Financial Services Fraud Mitigation


Increase in Fraudulent Activities

The Office for National Statistics (ONS) reported that 5 million fraud offenses were committed in the year ending June 2021: a 32% increase on 2019. Despite the prevalence of fraud in across the country, some businesses, including financial institutions, feel that criminal behavior is not something they should respond to. As a result, criminal elements are often ignored, putting the company, its employees and their customers at risk.

Reputational and financial cost of fraud

Corporate fraud in fintech and financial service providers can include contractor fraud, financial crimes – such as money laundering and market manipulation – and wage replacement scheme fraud, for to name a few. All of these types of fraud can cost an organization its reputation and financial loss.
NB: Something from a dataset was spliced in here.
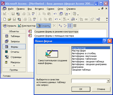 И, наконец, на панели инструментов Access расположена кнопка Новый объект. Если щелкнуть мышью по стрелке, которая находится на ней справа, и выбрать из меню объект Таблица, то откроется то же диалоговое окно Новая таблица.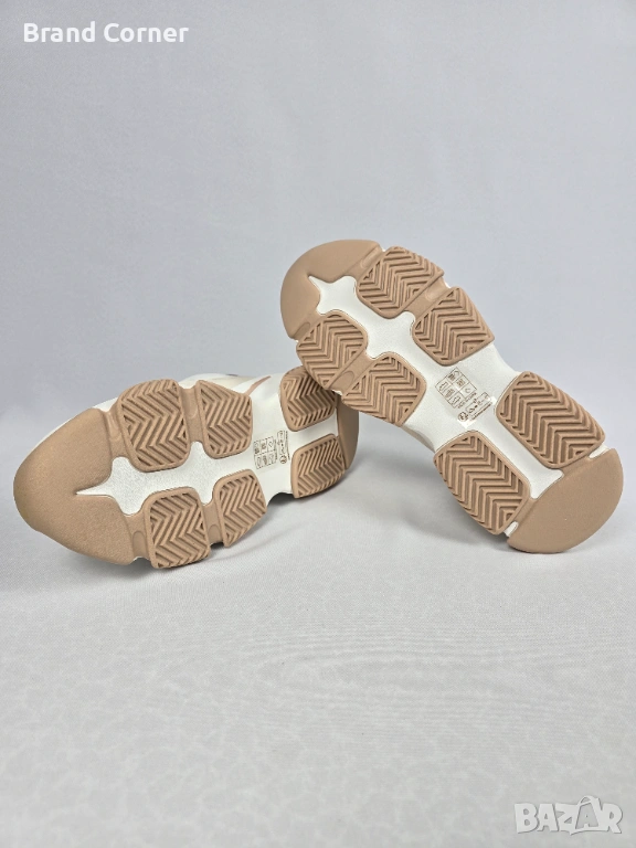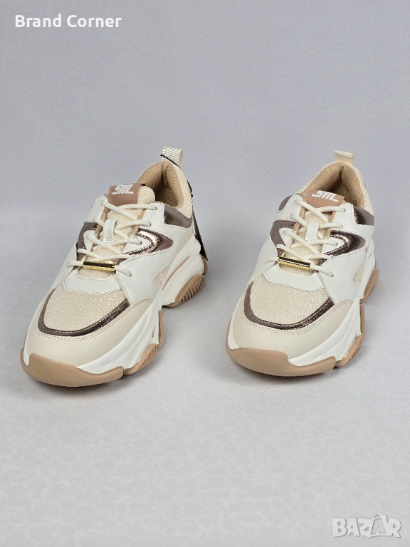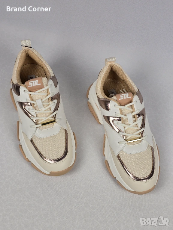 Моделът е в много актуална комбинация от кремаво, бежово и розово-златист металик, с модерна chunky подметка и спортно-елегантна визия. Подходящи са както за ежедневни аутфити с дънки и панталон, така и за по-спортно-елегантни комбинации.

By reviewing emails and attachments, documents on file shares, text messages, phone call or voicemail recordings, and external sources such as social media and forum site visits, organizations can get a sense of what is normal to compare against criminal behavior. However, some companies struggle to gather evidence of fraudulent activity due to lack of investment in digital forensic technologies and implementation of manual data collection processes.

Protect your employees and customers

To protect a company globally, it is imperative that fraud is immediately reported upon identification. To do this, companies must have the right capabilities and work in conjunction with government and law enforcement. The key is not just to prevent and detect fraud, but to gather and secure the evidence for a successful prosecution.

Being able to instantly identify fraud protects both employees and customers. By leveraging digital forensic technologies to accelerate the process of analyzing data and documentation, companies can assimilate the nature and trace the causal link between the fraud and the perpetrator.